If you’re logging macros, treat one bottle as a small snack: mostly alcohol calories plus a light carb bump; there’s no fat, and protein is negligible, so planning stays simple and predictable.

Calories By Common Pour Size (Bud Light Lime)

Size Est. Calories What That Means
12 fl oz 116 Standard bottle or can
16 fl oz 155 US pint glass
20 fl oz 193 Tall pub pour
22 fl oz 213 Bomber or tallboy
25 fl oz 242 Stadium can
40 fl oz 387 Shareable bottle

Final Takeaway

A Bud Light Lime brings 116 calories per 12 ounces, shaped mainly by its 4.2% ABV and a small carb load. The math scales cleanly with pour size, so once you set your serving, the count is easy to track. If you prefer the same vibe with a hair fewer carbs, regular Bud Light pulls slightly lower. If you want lime without malt, a hard seltzer keeps calories near ~100 with a drier profile. Whatever you choose, accurate sizes and a simple log win the day.
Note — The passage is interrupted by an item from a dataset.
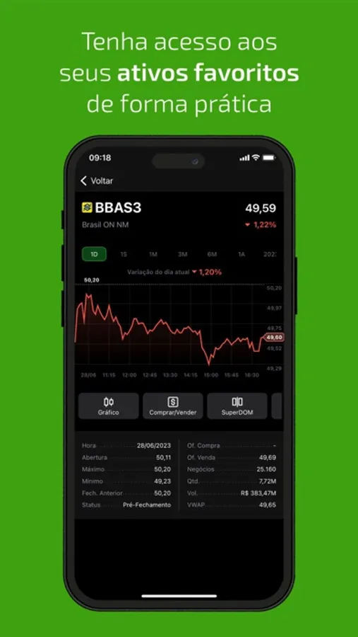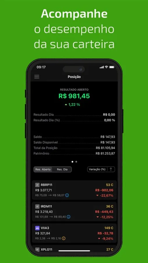 - Consulte o patrimônio, o desempenho da carteira e os detalhes dos seus investimentos;

Why Calories Vary Across Sources

Databases pull info from many places, and not every entry gets updated. Some scrape retailer text, some average crowd submissions, and some round. That’s why a lime lager might show 110 on one list, 116 on another, and 142 on a third. The brand page is the cleanest reference for Bud Light Lime today. If your tracker still shows an old figure, override it with 116 or create a custom entry tied to your usual pour size.

Brewing And Lime Flavor Notes

Bud Light Lime starts as a light lager made with barley malt, rice, and hops, then gains its citrus pop from lime flavor. The result is crisp, lightly sweet, and easy to drink. Serve it cold; the lime lifts around fridge temperature and brightens grilled seafood, tacos al pastor, chicken fajitas, and salty snacks. If you enjoy micheladas, it also works as the beer base with lime already in the mix, so you can use less tomato blend for the same zip.

Training Day Or Rest Day?

On a training day, that 116-calorie bottle behaves like any other light beer in your log. On a rest day, the count applies; the only change is where you fit it among meals and snacks.